### INFORMATION SHOWN

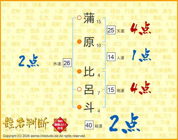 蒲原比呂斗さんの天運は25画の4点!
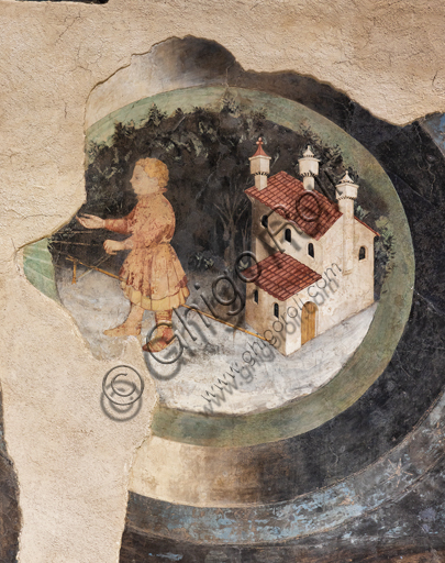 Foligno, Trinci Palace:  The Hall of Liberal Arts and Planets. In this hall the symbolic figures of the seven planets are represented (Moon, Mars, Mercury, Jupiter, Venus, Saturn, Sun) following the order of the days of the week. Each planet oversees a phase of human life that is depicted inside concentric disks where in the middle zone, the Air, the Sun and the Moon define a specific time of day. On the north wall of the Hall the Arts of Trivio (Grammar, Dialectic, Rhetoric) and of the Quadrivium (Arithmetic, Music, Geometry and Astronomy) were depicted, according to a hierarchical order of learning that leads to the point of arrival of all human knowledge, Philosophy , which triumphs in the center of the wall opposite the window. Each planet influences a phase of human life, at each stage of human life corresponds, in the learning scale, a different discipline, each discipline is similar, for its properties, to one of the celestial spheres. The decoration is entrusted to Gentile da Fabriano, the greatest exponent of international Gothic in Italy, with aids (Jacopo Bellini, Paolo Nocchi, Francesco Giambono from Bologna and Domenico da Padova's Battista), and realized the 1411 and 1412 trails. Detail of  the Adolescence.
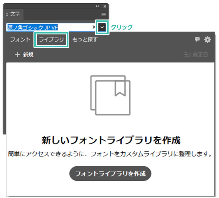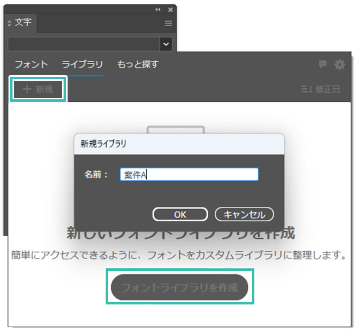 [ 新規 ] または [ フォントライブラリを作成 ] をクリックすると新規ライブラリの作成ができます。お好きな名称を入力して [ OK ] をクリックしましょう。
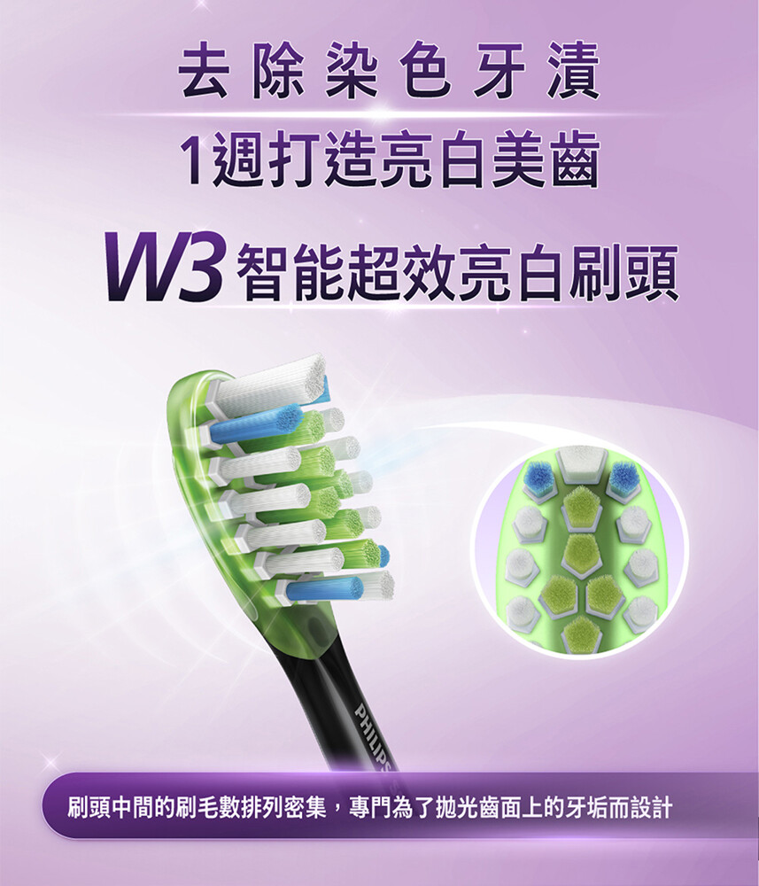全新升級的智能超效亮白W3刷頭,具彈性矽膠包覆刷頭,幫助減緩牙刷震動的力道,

######

:: WHAT TO PRODUCE ::
Nothing but the pictures is to be left out; repeat the data exactly.

:: WORKED SOLUTION ::
 蒲原比呂斗さんの天運は25画の4点!
 Foligno, Trinci Palace:  The Hall of Liberal Arts and Planets. In this hall the symbolic figures of the seven planets are represented (Moon, Mars, Mercury, Jupiter, Venus, Saturn, Sun) following the order of the days of the week. Each planet oversees a phase of human life that is depicted inside concentric disks where in the middle zone, the Air, the Sun and the Moon define a specific time of day. On the north wall of the Hall the Arts of Trivio (Grammar, Dialectic, Rhetoric) and of the Quadrivium (Arithmetic, Music, Geometry and Astronomy) were depicted, according to a hierarchical order of learning that leads to the point of arrival of all human knowledge, Philosophy , which triumphs in the center of the wall opposite the window. Each planet influences a phase of human life, at each stage of human life corresponds, in the learning scale, a different discipline, each discipline is similar, for its properties, to one of the celestial spheres. The decoration is entrusted to Gentile da Fabriano, the greatest exponent of international Gothic in Italy, with aids (Jacopo Bellini, Paolo Nocchi, Francesco Giambono from Bologna and Domenico da Padova's Battista), and realized the 1411 and 1412 trails. Detail of  the Adolescence.
 [ 新規 ] または [ フォントライブラリを作成 ] をクリックすると新規ライブラリの作成ができます。お好きな名称を入力して [ OK ] をクリックしましょう。
全新升級的智能超效亮白W3刷頭,具彈性矽膠包覆刷頭,幫助減緩牙刷震動的力道,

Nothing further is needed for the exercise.